EXERCISE DETAILS
Output only the line that contains "Когда тебя качает…" and the lines after it, all verbatim, through the last one below.

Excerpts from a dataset
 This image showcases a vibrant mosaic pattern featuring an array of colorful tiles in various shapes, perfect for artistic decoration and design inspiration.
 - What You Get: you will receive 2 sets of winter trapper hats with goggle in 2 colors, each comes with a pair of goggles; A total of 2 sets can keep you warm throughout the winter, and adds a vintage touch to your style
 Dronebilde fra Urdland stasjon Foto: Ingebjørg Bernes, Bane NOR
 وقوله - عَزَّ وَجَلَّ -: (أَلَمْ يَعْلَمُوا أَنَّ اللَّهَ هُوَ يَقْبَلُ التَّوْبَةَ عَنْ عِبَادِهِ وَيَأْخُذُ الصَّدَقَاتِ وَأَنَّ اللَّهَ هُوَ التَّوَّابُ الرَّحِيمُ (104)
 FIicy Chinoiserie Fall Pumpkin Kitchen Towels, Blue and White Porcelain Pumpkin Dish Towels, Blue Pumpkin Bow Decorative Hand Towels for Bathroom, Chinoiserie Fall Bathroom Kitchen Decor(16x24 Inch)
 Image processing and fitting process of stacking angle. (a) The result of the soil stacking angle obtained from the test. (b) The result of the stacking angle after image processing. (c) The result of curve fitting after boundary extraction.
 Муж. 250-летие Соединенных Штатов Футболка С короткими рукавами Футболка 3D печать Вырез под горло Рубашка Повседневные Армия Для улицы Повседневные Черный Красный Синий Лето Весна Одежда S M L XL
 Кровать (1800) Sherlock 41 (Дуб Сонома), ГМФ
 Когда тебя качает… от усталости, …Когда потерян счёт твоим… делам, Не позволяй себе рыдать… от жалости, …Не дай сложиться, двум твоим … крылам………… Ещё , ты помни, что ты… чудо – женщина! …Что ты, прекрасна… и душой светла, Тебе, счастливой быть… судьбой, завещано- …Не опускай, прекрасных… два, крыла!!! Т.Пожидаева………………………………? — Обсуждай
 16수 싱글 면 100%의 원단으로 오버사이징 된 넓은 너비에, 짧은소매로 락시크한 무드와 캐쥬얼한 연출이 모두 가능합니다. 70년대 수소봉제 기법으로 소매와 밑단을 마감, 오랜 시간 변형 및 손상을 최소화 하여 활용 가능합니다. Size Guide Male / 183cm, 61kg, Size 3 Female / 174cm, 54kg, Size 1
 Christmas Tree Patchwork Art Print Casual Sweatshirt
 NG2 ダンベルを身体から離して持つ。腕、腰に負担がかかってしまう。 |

RESPONSE AREA
 Когда тебя качает… от усталости, …Когда потерян счёт твоим… делам, Не позволяй себе рыдать… от жалости, …Не дай сложиться, двум твоим … крылам………… Ещё , ты помни, что ты… чудо – женщина! …Что ты, прекрасна… и душой светла, Тебе, счастливой быть… судьбой, завещано- …Не опускай, прекрасных… два, крыла!!! Т.Пожидаева………………………………? — Обсуждай
 16수 싱글 면 100%의 원단으로 오버사이징 된 넓은 너비에, 짧은소매로 락시크한 무드와 캐쥬얼한 연출이 모두 가능합니다. 70년대 수소봉제 기법으로 소매와 밑단을 마감, 오랜 시간 변형 및 손상을 최소화 하여 활용 가능합니다. Size Guide Male / 183cm, 61kg, Size 3 Female / 174cm, 54kg, Size 1
 Christmas Tree Patchwork Art Print Casual Sweatshirt
 NG2 ダンベルを身体から離して持つ。腕、腰に負担がかかってしまう。 |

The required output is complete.